● **EXERCISE AIM**
Every line from the one holding "盘面上,大金融概念震荡拉升,证券、多元金" through the one holding "6mm Classic Dome" in the data below must be returned exactly, both ends included, with pictures left out and nothing else added.

● **INPUT**
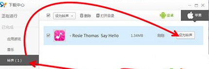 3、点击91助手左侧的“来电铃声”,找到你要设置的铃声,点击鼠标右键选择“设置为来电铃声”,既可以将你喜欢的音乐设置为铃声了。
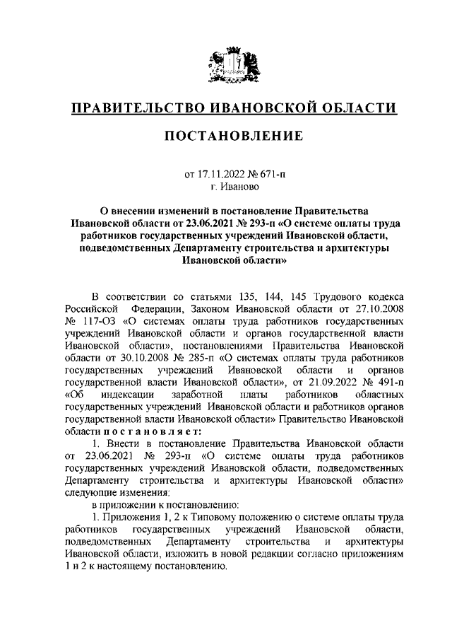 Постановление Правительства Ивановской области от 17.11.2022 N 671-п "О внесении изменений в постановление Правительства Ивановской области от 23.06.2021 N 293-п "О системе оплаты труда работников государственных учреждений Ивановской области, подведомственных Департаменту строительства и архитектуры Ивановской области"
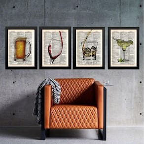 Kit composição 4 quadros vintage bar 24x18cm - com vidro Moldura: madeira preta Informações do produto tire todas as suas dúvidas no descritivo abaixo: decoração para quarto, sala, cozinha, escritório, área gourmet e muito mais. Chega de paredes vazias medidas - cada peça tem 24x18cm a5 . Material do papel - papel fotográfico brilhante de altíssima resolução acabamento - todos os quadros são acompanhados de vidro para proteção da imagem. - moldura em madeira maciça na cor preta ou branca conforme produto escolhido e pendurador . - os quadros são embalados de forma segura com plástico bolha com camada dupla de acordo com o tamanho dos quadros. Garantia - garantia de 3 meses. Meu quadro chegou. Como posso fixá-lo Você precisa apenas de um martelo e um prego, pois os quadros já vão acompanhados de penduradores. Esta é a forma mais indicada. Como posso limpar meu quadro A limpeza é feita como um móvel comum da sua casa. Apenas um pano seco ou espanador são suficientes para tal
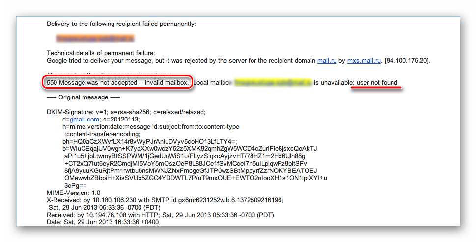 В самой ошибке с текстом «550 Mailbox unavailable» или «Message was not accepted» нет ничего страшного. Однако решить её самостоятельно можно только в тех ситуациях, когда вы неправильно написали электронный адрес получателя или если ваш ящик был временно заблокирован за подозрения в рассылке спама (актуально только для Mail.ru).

...

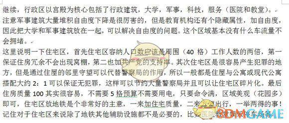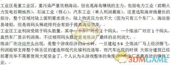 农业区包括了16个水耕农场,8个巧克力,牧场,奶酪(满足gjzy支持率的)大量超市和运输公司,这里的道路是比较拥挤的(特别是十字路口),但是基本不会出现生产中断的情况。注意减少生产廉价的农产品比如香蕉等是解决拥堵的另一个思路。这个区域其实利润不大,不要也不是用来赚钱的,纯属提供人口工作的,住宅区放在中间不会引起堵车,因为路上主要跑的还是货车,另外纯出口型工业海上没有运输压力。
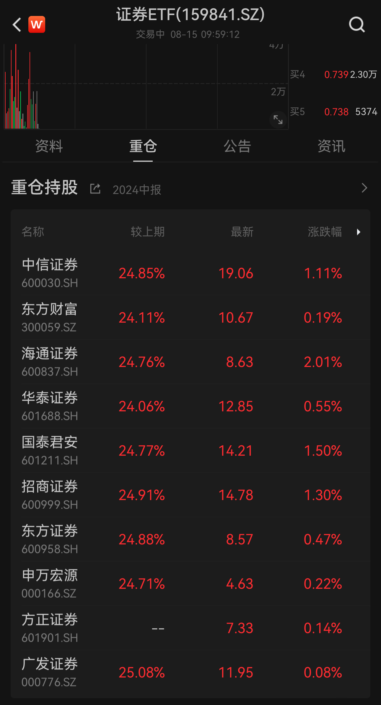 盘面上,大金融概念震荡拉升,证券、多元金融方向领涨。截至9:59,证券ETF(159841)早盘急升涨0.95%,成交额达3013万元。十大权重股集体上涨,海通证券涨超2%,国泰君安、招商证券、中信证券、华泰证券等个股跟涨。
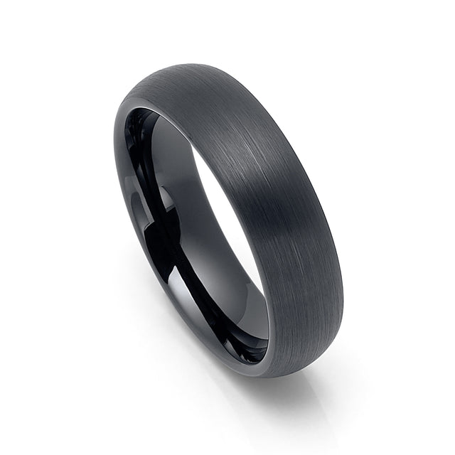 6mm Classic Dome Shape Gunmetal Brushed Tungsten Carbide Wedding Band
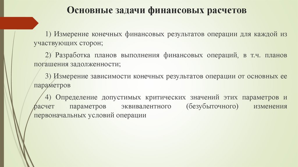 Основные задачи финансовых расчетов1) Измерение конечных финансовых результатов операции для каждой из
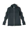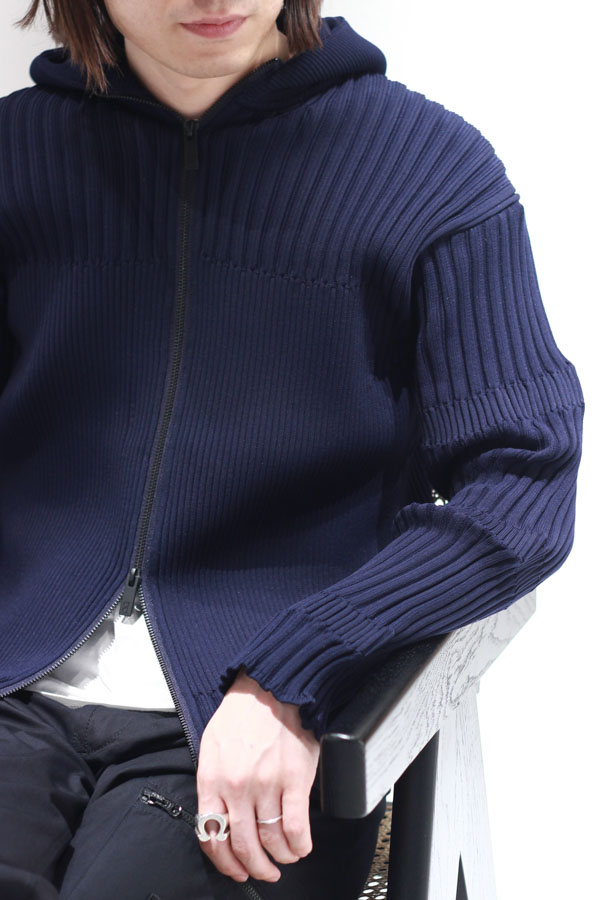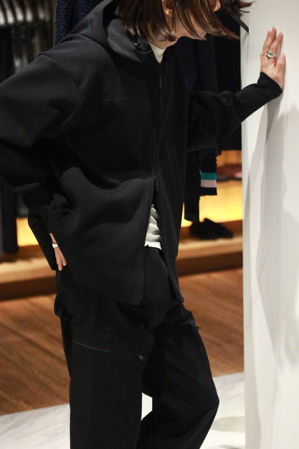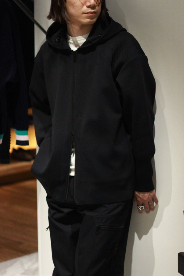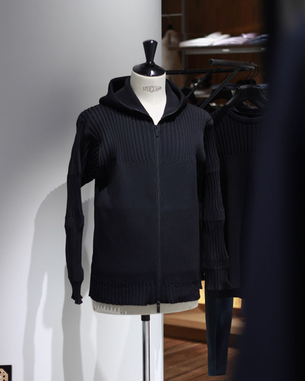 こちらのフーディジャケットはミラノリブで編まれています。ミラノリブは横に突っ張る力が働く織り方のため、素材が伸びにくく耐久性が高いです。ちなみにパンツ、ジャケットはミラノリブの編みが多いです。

● **SOLUTION TO THIS TASK**
 盘面上,大金融概念震荡拉升,证券、多元金融方向领涨。截至9:59,证券ETF(159841)早盘急升涨0.95%,成交额达3013万元。十大权重股集体上涨,海通证券涨超2%,国泰君安、招商证券、中信证券、华泰证券等个股跟涨。
 6mm Classic Dome Shape Gunmetal Brushed Tungsten Carbide Wedding Band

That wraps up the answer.